Start of Block

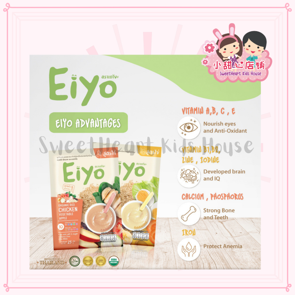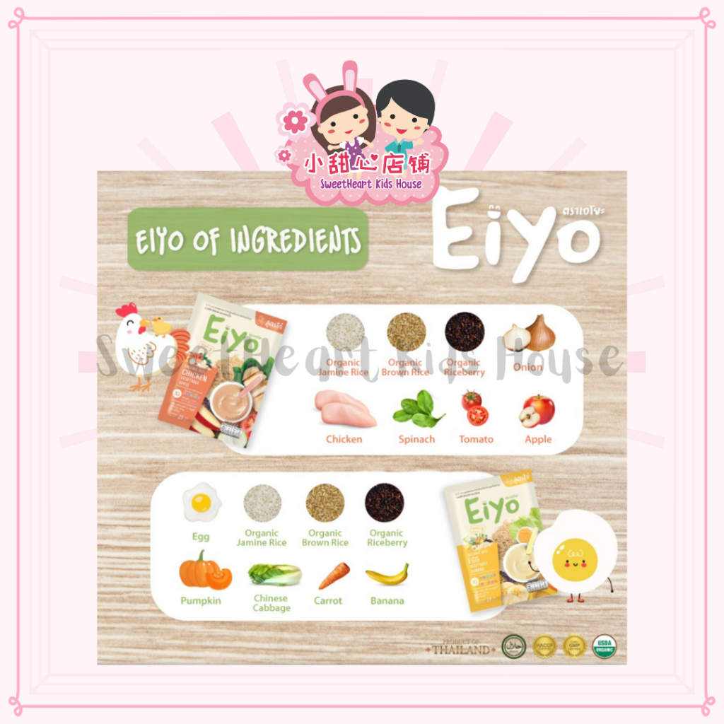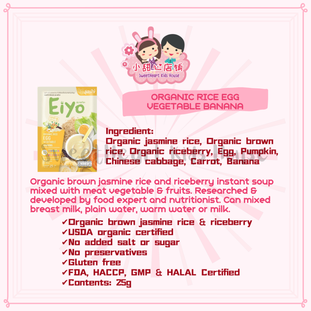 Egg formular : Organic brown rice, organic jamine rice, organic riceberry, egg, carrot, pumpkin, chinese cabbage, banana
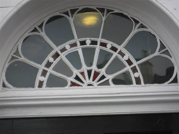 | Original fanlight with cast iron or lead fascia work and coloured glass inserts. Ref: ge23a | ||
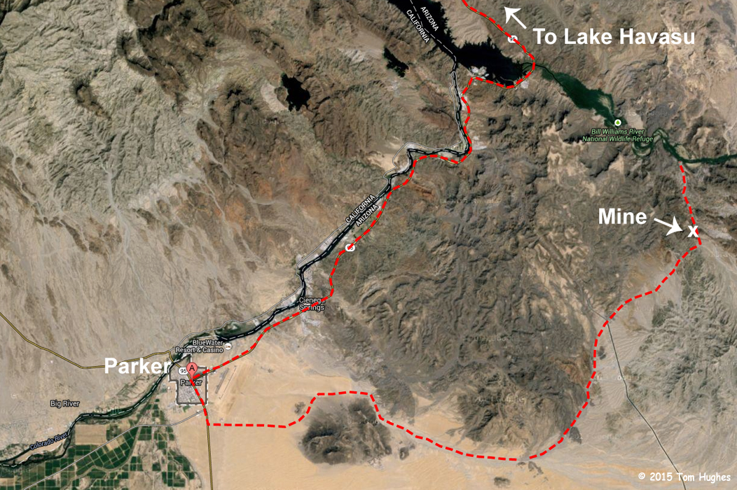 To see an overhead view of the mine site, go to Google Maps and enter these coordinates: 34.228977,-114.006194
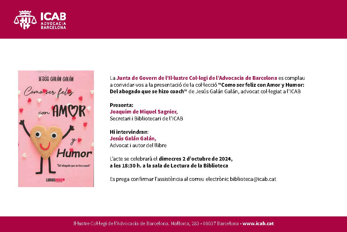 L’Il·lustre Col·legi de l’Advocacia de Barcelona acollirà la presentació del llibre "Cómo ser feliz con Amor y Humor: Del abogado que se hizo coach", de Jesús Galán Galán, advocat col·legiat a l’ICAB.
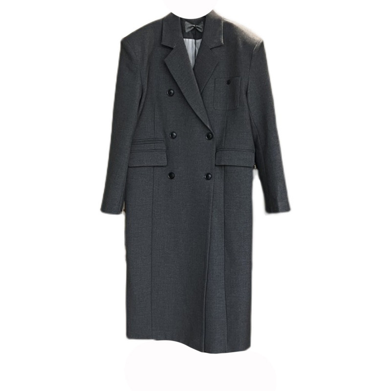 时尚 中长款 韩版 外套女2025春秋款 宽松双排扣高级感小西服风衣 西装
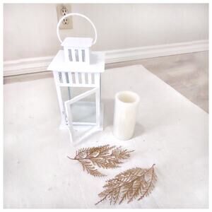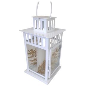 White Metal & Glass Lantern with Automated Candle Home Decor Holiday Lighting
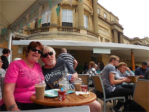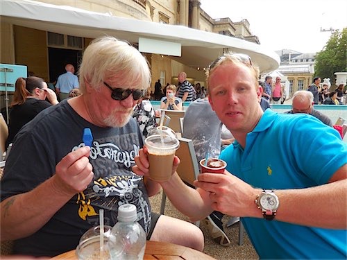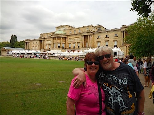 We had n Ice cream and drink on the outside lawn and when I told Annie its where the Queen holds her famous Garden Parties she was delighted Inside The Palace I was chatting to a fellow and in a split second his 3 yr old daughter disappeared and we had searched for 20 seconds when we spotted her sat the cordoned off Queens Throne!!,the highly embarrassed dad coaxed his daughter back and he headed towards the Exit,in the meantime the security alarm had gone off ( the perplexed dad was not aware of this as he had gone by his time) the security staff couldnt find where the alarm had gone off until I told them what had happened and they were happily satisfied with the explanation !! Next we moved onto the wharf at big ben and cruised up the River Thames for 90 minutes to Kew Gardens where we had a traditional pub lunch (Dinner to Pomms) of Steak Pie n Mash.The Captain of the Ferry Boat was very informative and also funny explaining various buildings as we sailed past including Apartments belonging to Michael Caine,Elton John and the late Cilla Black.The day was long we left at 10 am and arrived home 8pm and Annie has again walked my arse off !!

End of Block

### HOW TO COMPLETE THIS TASK
Each record must be quoted in full and exactly. Do not include the pictures.

### SOLVED EXERCISE
 Egg formular : Organic brown rice, organic jamine rice, organic riceberry, egg, carrot, pumpkin, chinese cabbage, banana
 | Original fanlight with cast iron or lead fascia work and coloured glass inserts. Ref: ge23a | ||
 To see an overhead view of the mine site, go to Google Maps and enter these coordinates: 34.228977,-114.006194
 L’Il·lustre Col·legi de l’Advocacia de Barcelona acollirà la presentació del llibre "Cómo ser feliz con Amor y Humor: Del abogado que se hizo coach", de Jesús Galán Galán, advocat col·legiat a l’ICAB.
 时尚 中长款 韩版 外套女2025春秋款 宽松双排扣高级感小西服风衣 西装
 White Metal & Glass Lantern with Automated Candle Home Decor Holiday Lighting
 We had n Ice cream and drink on the outside lawn and when I told Annie its where the Queen holds her famous Garden Parties she was delighted Inside The Palace I was chatting to a fellow and in a split second his 3 yr old daughter disappeared and we had searched for 20 seconds when we spotted her sat the cordoned off Queens Throne!!,the highly embarrassed dad coaxed his daughter back and he headed towards the Exit,in the meantime the security alarm had gone off ( the perplexed dad was not aware of this as he had gone by his time) the security staff couldnt find where the alarm had gone off until I told them what had happened and they were happily satisfied with the explanation !! Next we moved onto the wharf at big ben and cruised up the River Thames for 90 minutes to Kew Gardens where we had a traditional pub lunch (Dinner to Pomms) of Steak Pie n Mash.The Captain of the Ferry Boat was very informative and also funny explaining various buildings as we sailed past including Apartments belonging to Michael Caine,Elton John and the late Cilla Black.The day was long we left at 10 am and arrived home 8pm and Annie has again walked my arse off !!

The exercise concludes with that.